Consider Friedman test performed with our variables V1
and V2
($k=2$). The proportion of cases with ties is 287/400=.7175
and the test statistic is 13.460, df=1
with significance p=.00024
. But the "Dunn's" comparison computed following SPSS formulas will be
Sample1 Sample2 MeanRank1 MeanRank2 TestStat StError Z Sig2side AdjSig
V1 V2 1.54875 1.45125 .0975 .0500 1.9500 .05118 .05118
Nonsignificant. Why? No proper (Friedman style) adjustment for ties was done.
In the presense of only $k=2$ samples in data a correct post hoc pairwise comparison test must give the same result (statistic and p-value) as the omnibus test - it is actually a property which proves that the post hoc test corresponds (is isomorphic) to the parent omnibus test. It is indeed so with Kruskal-Wallis test and Dunn's test - just program it following SPSS Algorithms and test with V1
and V2
as two independent groups, and you'll get same p=.0153
both for KW and for Dunn.
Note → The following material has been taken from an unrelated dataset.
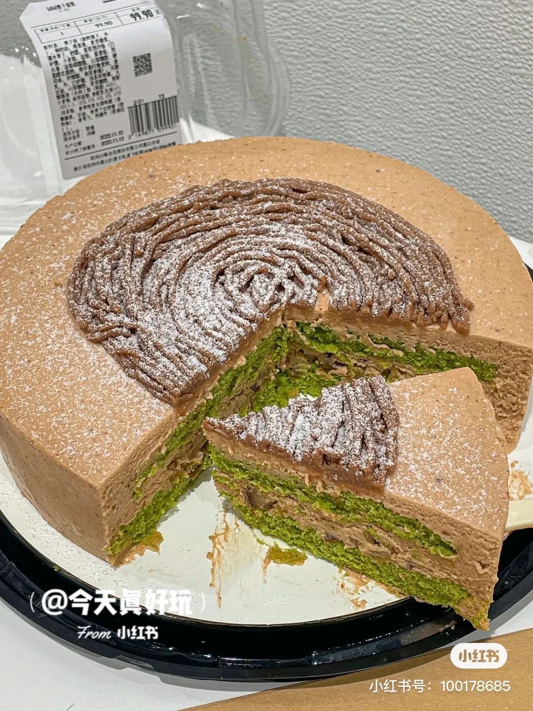 山姆的這個蛋糕,由栗子泥、栗子奶油慕斯、栗子顆粒和抹茶海綿蛋糕組成,口感層次豐富,栗子味也很濃。

But we saw that a similar equivalence is absent in relations between Friedman test and "Dunn's approach" post-Friedman comparison test.
Conclusion. Post hoc multiple comparison test being performed by SPSS (version 22 and earlier) after Friedman's test is defective. Maybe it is correct when there is no ties, but I don't know. The post hoc test does not treat ties the way Friedman does it (while it should). I cannot say anything about the formula of st. error, sqrt[k*(k+1)/(6n)]
, they are using: it was derived from discrete uniform distribution, but they didn't write how; is it correct? Either the "Dunn's test approach" was adapted to Friedman inadequatly by SPSS or Dunn's test cannot be adapted to Friedman at all.
Best Answer
The short answer is that needless multiple pairwise testing will taint your inference. That is, if you conduct multiple pairwise comparisons, the probability of falsely rejecting the NULL of in at least one of these tests increases as the number of pairwise comparisons increases.
This is the multiple testing problem that is typically introduced in a stat class to motivate Analysis of variance. Notice that a pairwise testing procedure assumes that each test is independent of one another. This assumption cannot be true since in comparing 3 groups, the same groups are repeatedly used across tests.
Often the Bonferroni method is discussed as a means of controlling for this distortion of the type 1 error rate, where the desired p-value is multiplied by as many tests as are conducted.
By first conducting a test that is designed to compare multiple parameter estimates, the correct inference can be made (as long as the assumptions for that test hold). If this test rejects the NULL of equality of parameters, then the post hoc methods can be employed to determine which parameter(s) is(are) different.